▸ **Action item**
Would you please repeat, word for word, only the lines from the one holding "Om vlees en" through the one holding "荊楚網客戶端-荊楚網消息(記" in the material below, without the pictures?

▸ **Provided material**
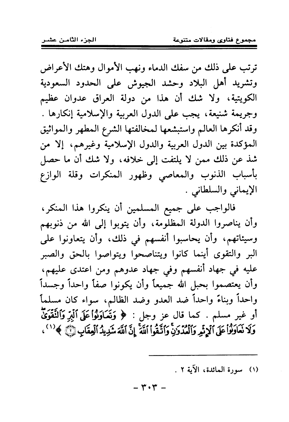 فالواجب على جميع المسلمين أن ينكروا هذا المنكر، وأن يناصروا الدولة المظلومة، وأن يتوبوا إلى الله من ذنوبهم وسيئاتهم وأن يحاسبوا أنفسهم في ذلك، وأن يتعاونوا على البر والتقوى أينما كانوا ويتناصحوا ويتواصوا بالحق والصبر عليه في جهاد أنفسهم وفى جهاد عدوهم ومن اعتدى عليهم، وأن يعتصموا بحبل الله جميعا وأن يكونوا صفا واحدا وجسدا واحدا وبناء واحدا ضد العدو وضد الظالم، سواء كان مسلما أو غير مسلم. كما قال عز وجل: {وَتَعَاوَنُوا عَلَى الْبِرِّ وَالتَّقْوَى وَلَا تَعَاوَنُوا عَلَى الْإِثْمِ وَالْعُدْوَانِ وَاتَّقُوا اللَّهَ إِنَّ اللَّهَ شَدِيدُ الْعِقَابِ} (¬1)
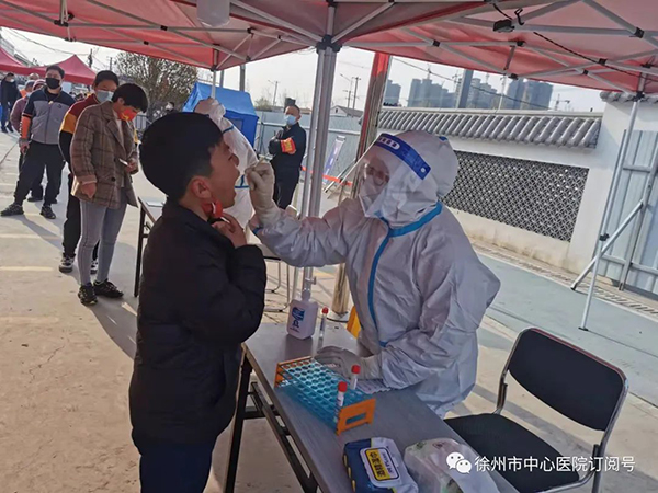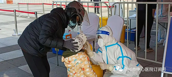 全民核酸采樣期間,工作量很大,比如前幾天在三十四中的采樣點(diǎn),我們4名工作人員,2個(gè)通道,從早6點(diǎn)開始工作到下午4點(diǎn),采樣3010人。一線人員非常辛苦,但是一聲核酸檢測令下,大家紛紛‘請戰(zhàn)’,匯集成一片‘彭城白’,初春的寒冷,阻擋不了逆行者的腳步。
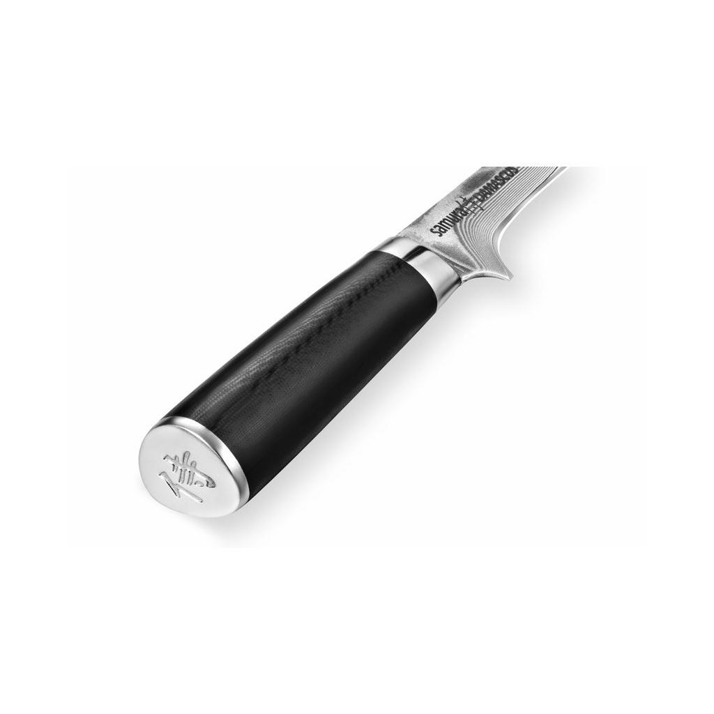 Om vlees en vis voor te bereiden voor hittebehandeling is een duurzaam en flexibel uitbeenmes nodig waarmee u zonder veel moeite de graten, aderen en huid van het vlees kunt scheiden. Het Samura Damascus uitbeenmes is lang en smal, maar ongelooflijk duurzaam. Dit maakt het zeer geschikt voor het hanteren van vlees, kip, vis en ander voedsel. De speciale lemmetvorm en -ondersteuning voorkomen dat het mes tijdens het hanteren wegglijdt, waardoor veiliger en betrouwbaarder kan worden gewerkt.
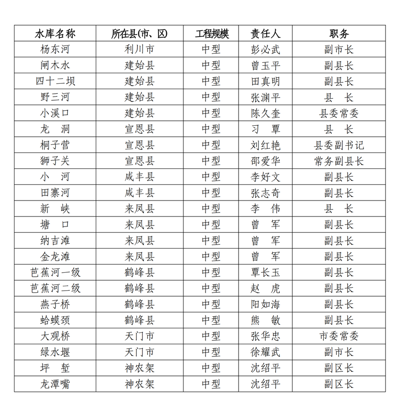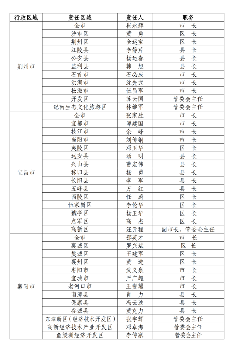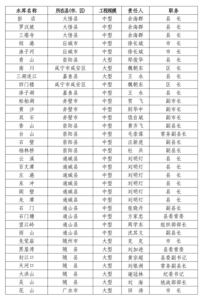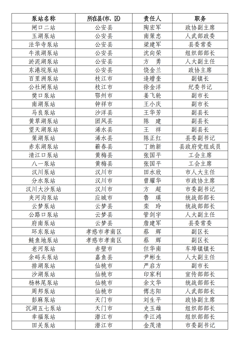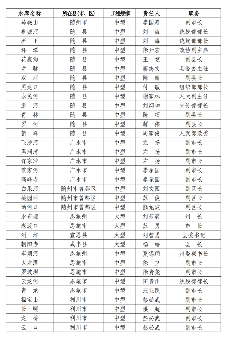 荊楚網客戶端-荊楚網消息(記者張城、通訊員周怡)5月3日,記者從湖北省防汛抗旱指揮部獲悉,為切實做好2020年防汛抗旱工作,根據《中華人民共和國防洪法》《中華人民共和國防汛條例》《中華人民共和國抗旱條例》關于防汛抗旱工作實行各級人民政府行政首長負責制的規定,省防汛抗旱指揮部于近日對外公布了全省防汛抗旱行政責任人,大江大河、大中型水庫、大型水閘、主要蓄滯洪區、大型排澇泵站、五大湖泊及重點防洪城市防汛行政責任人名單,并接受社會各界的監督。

* * *

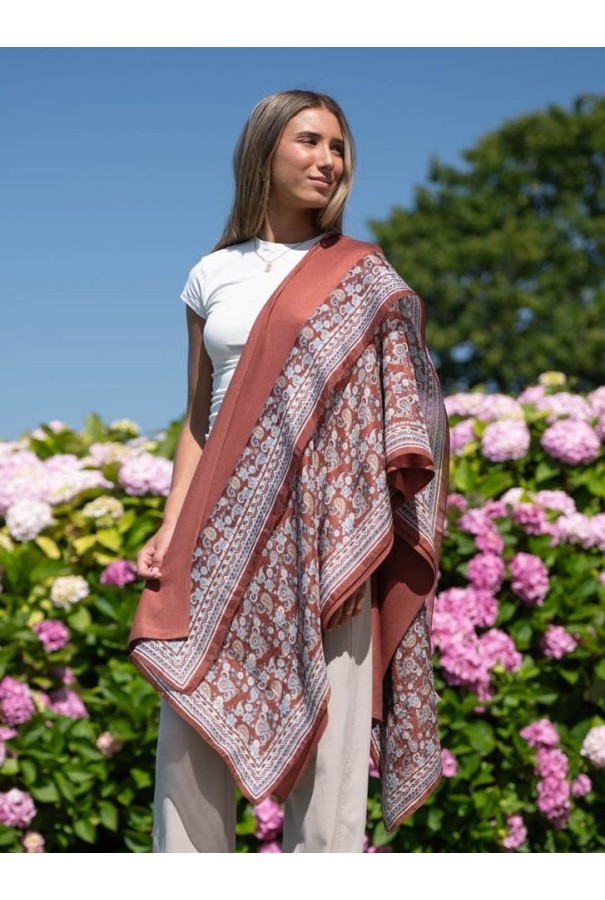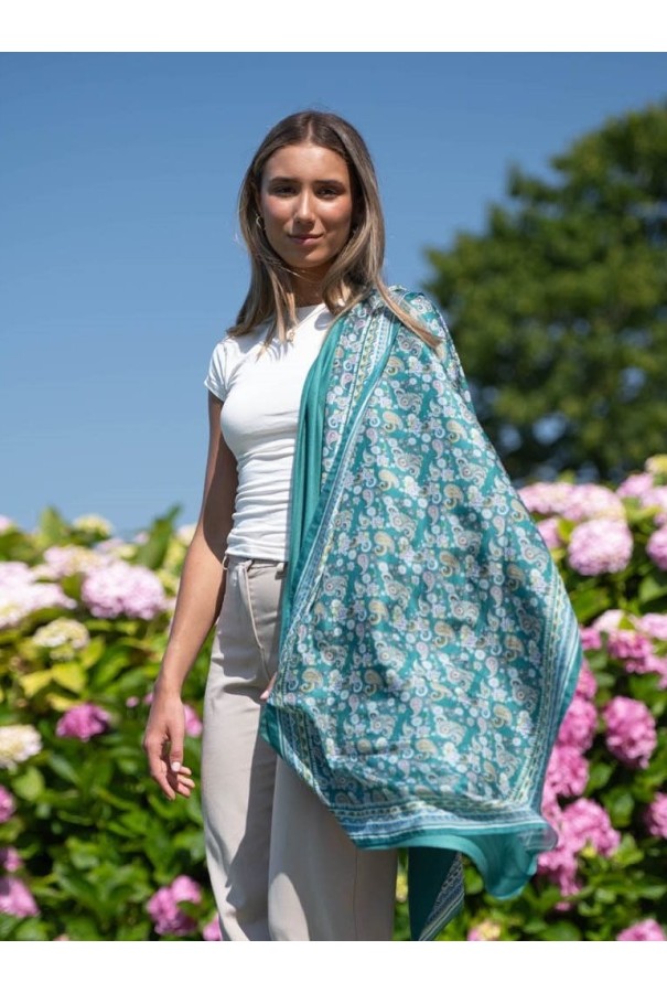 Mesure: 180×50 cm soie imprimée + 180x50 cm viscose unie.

▸ **Answer to the exercise**
 Om vlees en vis voor te bereiden voor hittebehandeling is een duurzaam en flexibel uitbeenmes nodig waarmee u zonder veel moeite de graten, aderen en huid van het vlees kunt scheiden. Het Samura Damascus uitbeenmes is lang en smal, maar ongelooflijk duurzaam. Dit maakt het zeer geschikt voor het hanteren van vlees, kip, vis en ander voedsel. De speciale lemmetvorm en -ondersteuning voorkomen dat het mes tijdens het hanteren wegglijdt, waardoor veiliger en betrouwbaarder kan worden gewerkt.
 荊楚網客戶端-荊楚網消息(記者張城、通訊員周怡)5月3日,記者從湖北省防汛抗旱指揮部獲悉,為切實做好2020年防汛抗旱工作,根據《中華人民共和國防洪法》《中華人民共和國防汛條例》《中華人民共和國抗旱條例》關于防汛抗旱工作實行各級人民政府行政首長負責制的規定,省防汛抗旱指揮部于近日對外公布了全省防汛抗旱行政責任人,大江大河、大中型水庫、大型水閘、主要蓄滯洪區、大型排澇泵站、五大湖泊及重點防洪城市防汛行政責任人名單,并接受社會各界的監督。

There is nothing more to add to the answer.